Optus ‘hacker’ vanishes from online forum after ransom backflip

The alleged Optus hacker has vanished from the anonymous online forum where they had been posting after being mocked by their peers for their sudden backflip.

On Tuesday, the alleged hacker, known only as Optusdata, claimed there were “too many eyes” on them and they had made the decision not to sell or leak any more data.

Since then, they have not returned to their account on the hacking forum, with their profile showing they last logged in that same day.
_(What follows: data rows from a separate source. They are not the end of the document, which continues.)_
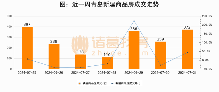 【青岛成交日报】07月31日新房成交372套、二手房228套;涨价房源47套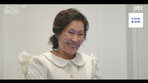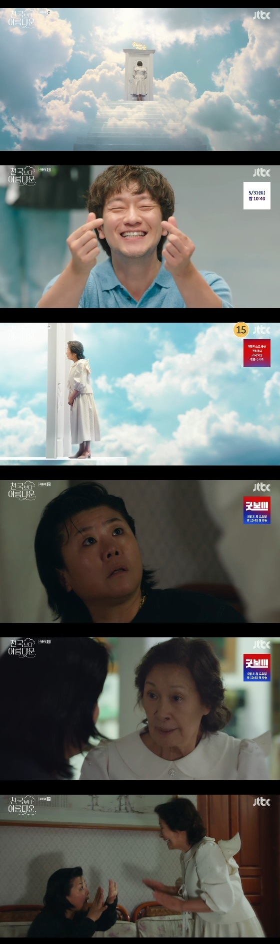 25일 방송된 JTBC 토일드라마 '천국보다 아름다운' 최종회에서는 지상으로 돌아간 이영애(이정은 분)에게 로또 당첨 번호를 알려주기 위해 그의 꿈속으로 들어간 이해숙(김혜자 분)의 모습이 그려졌다.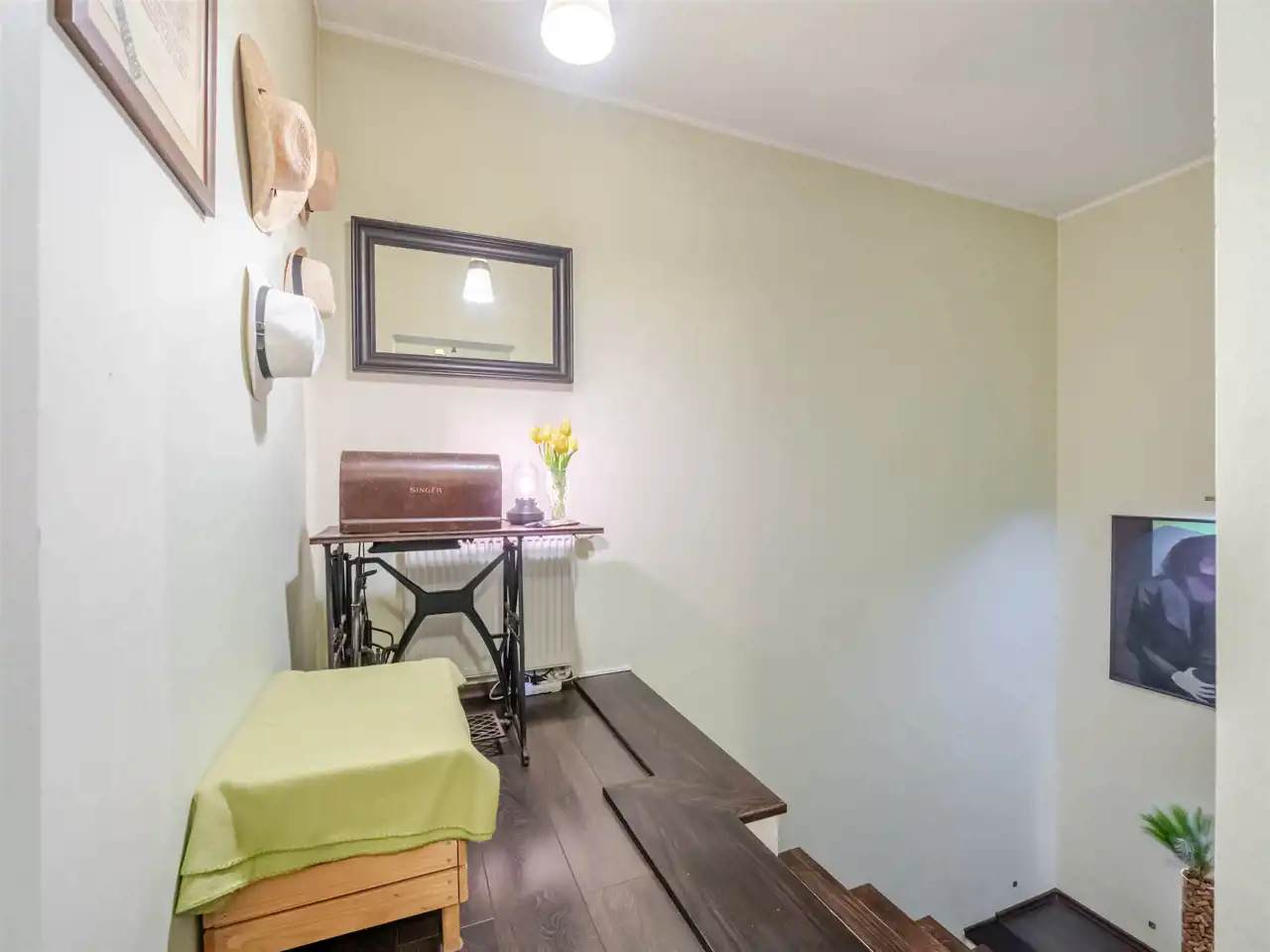 Ogrzewanie i ciepła woda z pieca gazowego 2-funkcyjnego. Okna PCV, podłogi w łazience, kuchni i wc z terakoty, w pozostałych pomieszczeniach z paneli drewnianych. Schody klatki schodowej - z deski dębowej - lakierowane. Mieszkanie do zamieszkania, do odświeżenia, nie wymaga prac remontowych.

The website also allows other users to award or take away points to a user’s “reputation”.

Optusdata’s reputation is now at minus 41, with multiple users awarding them negative points because they “pulled out” and got “in too deep”.

In their final message to the forum, the alleged hacker apologised to the Australians impacted by the data leak and said they couldn’t release more data even if they wanted to because they had “personally deleted data from drive”, which they claimed was the only copy.

They also offered their “deepest apology” to Optus, saying they “hope all goes well from this”.

“Optus if your (sic) reading we would have reported exploit if you had method to contact. No security mail, no bug bountys, no way too message,” the message read.

“Ransom not paid but we don’t care any more.”

The alleged hacker claimed it was a “mistake” to publish the data in the first place.

Hours before the backflip they had claimed to have exposed the data of 10,000 customers in a bid to pressure Optus to give into their ransom demands.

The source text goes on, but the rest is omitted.